KUAC marks 40 years since first television broadcast

December 22, 2011

Marmian Grimes

Gretchen Gordon
907-474-1891
12/22/11

Four decades ago, Alaska got its first taste of public television.

On Dec. 22, 1971, KUAC TV aired its first program: a local dance troupe’s performance of “The Nutcracker.”

“That first night of broadcast, we were rushing to get on the air by the end of the year, which was our goal,” said former KUAC employee Jim Schneider. “It was all just frantic, but boy was it fun.”

William R. Wood, who was University of Alaska president at that time, provided an introduction to the inaugural program.

“I extend our sincere thanks and appreciation to you, the people of Alaska, for your interest and your support,” Wood said. “I know how very much you want education television in your communities, in your homes. You will, I am sure, find KUAC TV a tremendous asset and an excellent investment.”

The television studio was decorated with gauze to hide support pillars and Mary Cowden Snyder’s dance troupe performed the ballet in the studio. The station’s studio satellite transmitter was malfunctioning, so the performance was filmed for playback from the transmitter site on Ski Boot Hill.

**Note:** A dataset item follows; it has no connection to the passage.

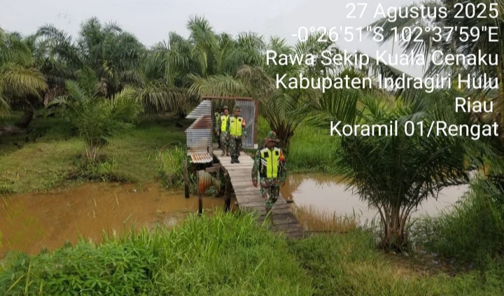 Suaralira.com, Rengat - Suasana cerah di Desa Rawa Sekip Kecamatan Kuala Cenaku dimanfaatkan Babinsa untuk kembali turun ke lapangan melaksanakan patroli pencegahan kebakaran hutan dan lahan (Karhutla), Rabu(27/08/2025).

“To keep the transitions from looking too static, engineers lit a candle and filmed it before the broadcast and while they changed tapes,” Schneider said. “By the sign-off, the candle was pretty much burned down. All of the station IDs were on cue cards with music from a cartridge player that had to be rewound each time.”

That first broadcast was the culmination of nearly a year’s worth of work. In February of that year, the Fairbanks Daily News-Miner first reported that KUAC TV was in the works and had received approval from the Federal Communications Commission.

“Eventually,” the News-Miner article noted, “it will be possible to ‘attend college by television’ in Alaska.”

To accommodate the new equipment needed for television production and broadcast, KUAC moved from its original space in UAF’s Constitution Hall to its present location in the lower level of the Fine Arts Building. It all came together right before Christmas.

“Well, we made it tonight—Wednesday, December 22, 1971,” wrote Charles Northrip, who oversaw KUAC, in a letter to the staff after the evening’s first broadcast. In it, he recalls the years of dreaming followed by months of hard work by so many to make public television in Alaska a reality.

Forty years later, KUAC TV continues to serve Alaskans. Today, the station offers four channels of programming, including the Create and World networks, and UATV, which features programming and educational content through the University of Alaska. Currently, KUAC produces the AlaskaOne public television centralized feed for KUAC Fairbanks, KYUK Bethel and KTOO Juneau. KUAC TV will become independent of the AlaskaOne consortium and will broadcast exclusively to Interior Alaska starting July 1, 2012.

“Our mission from the beginning has been to create radio and television programming that is thought-provoking, trustworthy and life-changing,” said Gretchen Gordon, assistant general manager. “We are still doing that, and doing it well.”